Forum Moderators: phranque

Message Too Old, No Replies

htaccess to rewrite dynamic URLs

         

wfco

2:26 pm on May 5, 2011 (gmt 0)

10+ Year Member



I hope someone can help me with these questions. Thanks in advance for reading!

1. My CMS can automatically create http://www.example.com/content.php?sid=282, but I want users to link to (and see) http://www.example.com/Cool-Page. I added the following line into .htaccess

RewriteRule ^Cool-Page$ http://www.example.com/content.php?sid=282 [R=301,L]

The problem is, whenever someone goes to /Cool-Page, the URL in the address bar still shows content.php?sid=282 instead of /Cool-Page. Is there any way to fix this in an SEO friendly matter?

2. I have several ways to describe a single page. For example, a product might fall into 2 categories:

http://www.example.com/Cat-1/Product.html and
http://www.example.com/Cat-2/Product.html

My CMS automatically creates the second Cat-2/Product.html page based on a product being added into 2 categories. Can htaccess help here to get rid of the second (duplicate content page) or should I fix the URL problem by removing the /Cat-2/Product.html directly?

g1smd

7:54 pm on May 5, 2011 (gmt 0)

WebmasterWorld Senior Member 10+ Year Member Top Contributors Of The Month



You must link to the URL that you want users to see and use. URLs are defined in links.

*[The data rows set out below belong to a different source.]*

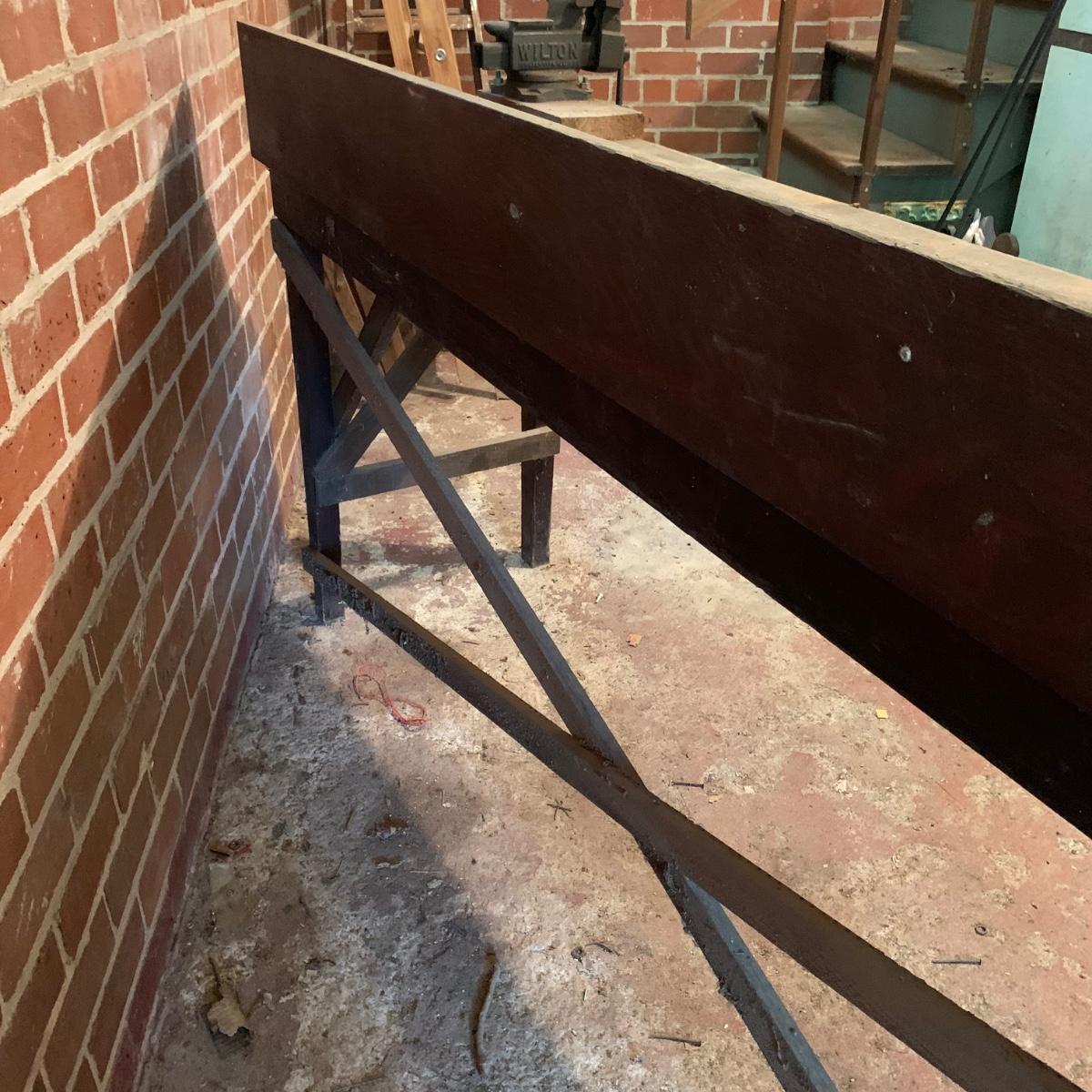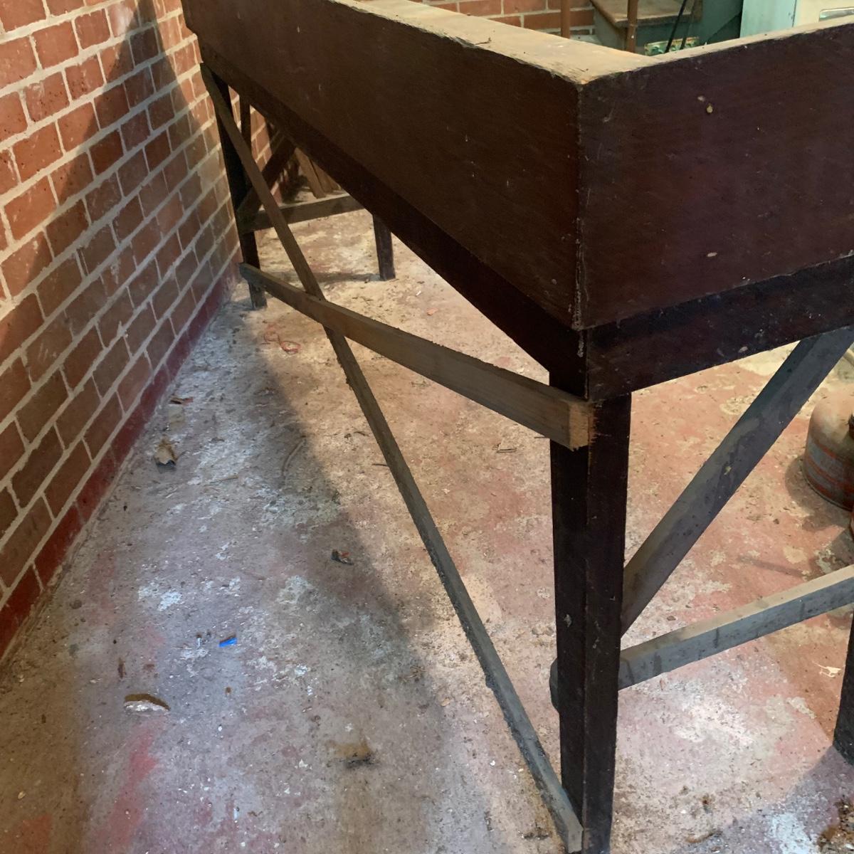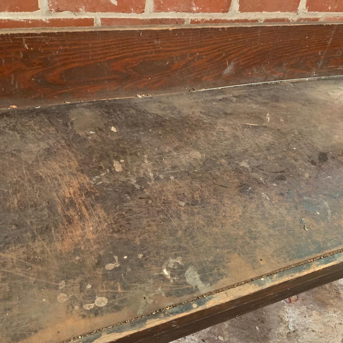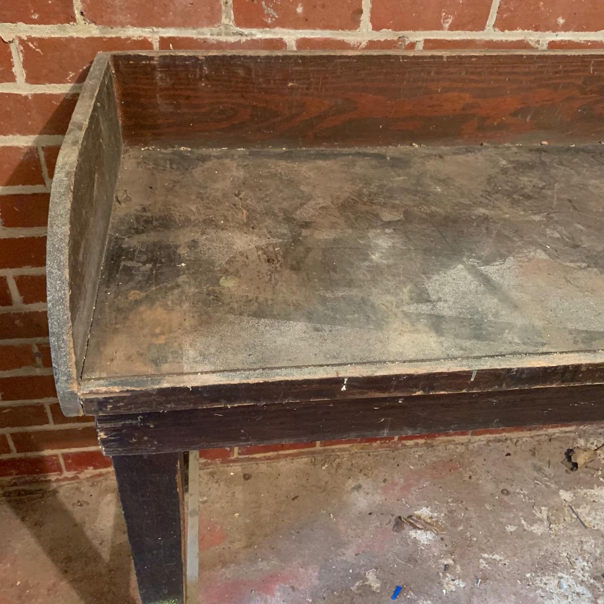 Solid wooden work bench with a layer of manufactured wood on its top surface. It is very sturdy. The table measures 84” x 21” x 40.5”. The table surface height is 34”. A Wilton vise is bolted onto the table. Both items are worn on the surface, but structurally in very good condition. Local pickup only. The winning bidder will need to bring help to move this item, as it is quite large and heavy.
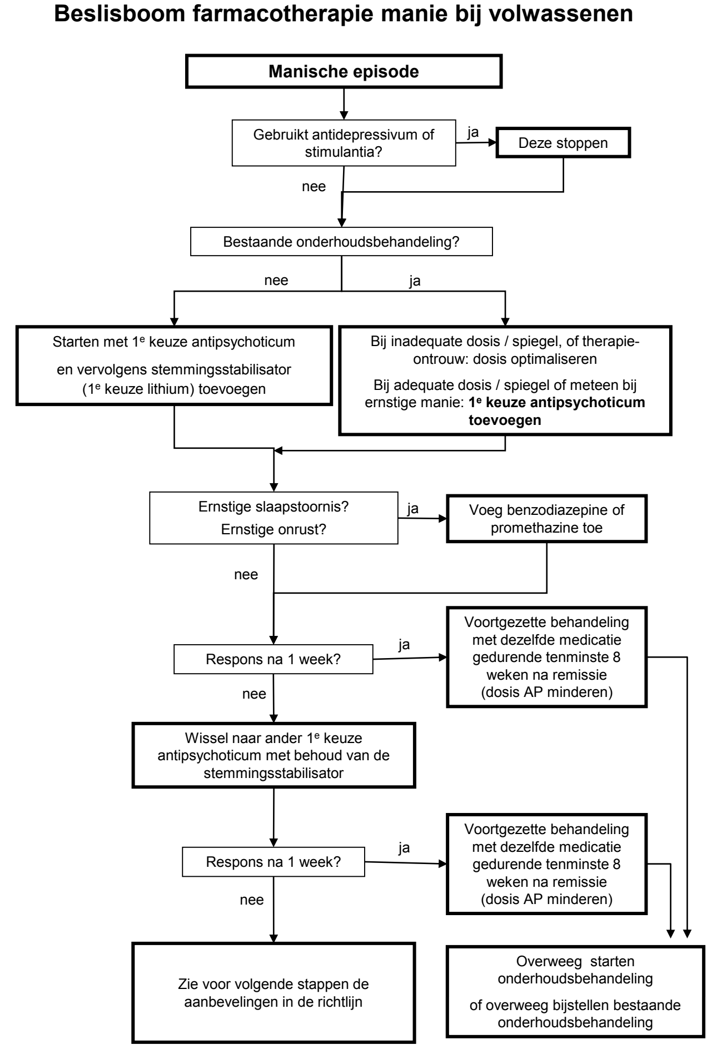 Zie ook beslisboom 6.1 Behandeling manische episode bij volwassenen.
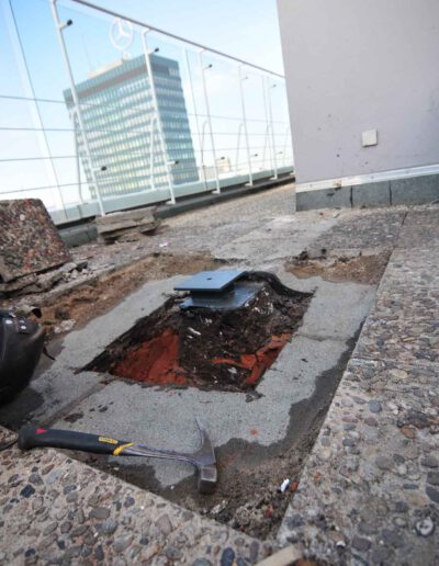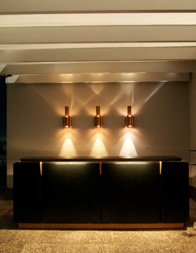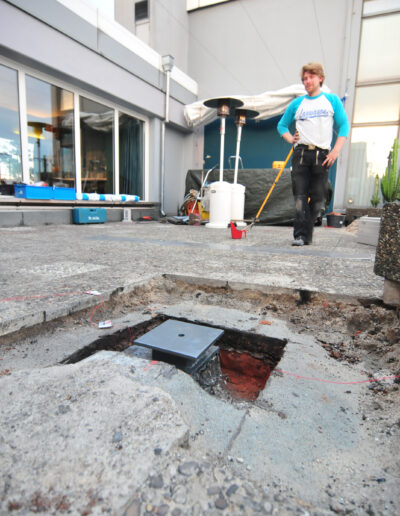 In Zusammenarbeit eines Fachbetrieb wurde die Elektroinstallation neu geplant und ausführende Arbeiten überwacht. Dazu wurden ca. 10 Endgeräte und weitere 10 Steckdosen über die gesamte Terrasse verteilt mit Strom versorgt. So können für den gastronomischen Betrieb flexibel auch temporäre Stromabnehmer ohne provisorische Kabel mit Strom versorgt werden. Dazu wurden alle Kabel unter das Pflaster, oder hinter Verkleidungen oder unter Putz geführt. So sind keine Kabel mehr sichtbar.

After you link to the new URL you need two things.

One is a redirect from old URL to new URL. It is there merely for users asking for the old URL after clicking a link in a stale SERP or in their bookmarks.

You also need a rewrite so that when the new URL is requested the server fetches content from from the old server filepath. Note that it fetches it from the old server filepath, not from the old URL.

URLs are used out on the web and contain a domain name. Server filepaths are used inside the server and do not include a domain name. URLs and server filepaths are two different things. They are merely associated by the action of a server.

You need to reverse the direction of your redirect and replace the current redirect with a rewrite.

The new external redirect:
RewriteCond %{HTTP_HOST} ^[A-Z]{3,9}\ ^/content\.php\?sid=282\ HTTP/
RewriteRule ^content\.php$ http://www.example.com/Cool-Page? [R=301,L]


The new internal rewrite:
RewriteRule ^Cool-Page$ /content.php?sid=282 [L]


As for the category duplication, it can be solved in several ways. The cheapskate way is to add the rel="canonical" tag to both pages, where both reference "cat1". Another is to redirect requests for that page in "cat2" to the real page in "cat1". It would be far better to fix the entire system to not reference category in URL at all.

Change the page URLs to no longer include category data in the URL. Link to the page from whatever categories the page appears in. On that page link back to all the categories the page appears in.

[edited by: g1smd at 8:15 pm (utc) on May 5, 2011]

wfco

8:04 pm on May 5, 2011 (gmt 0)

10+ Year Member



Wow, great answer! Worked like a charm. Any suggestions for question #2?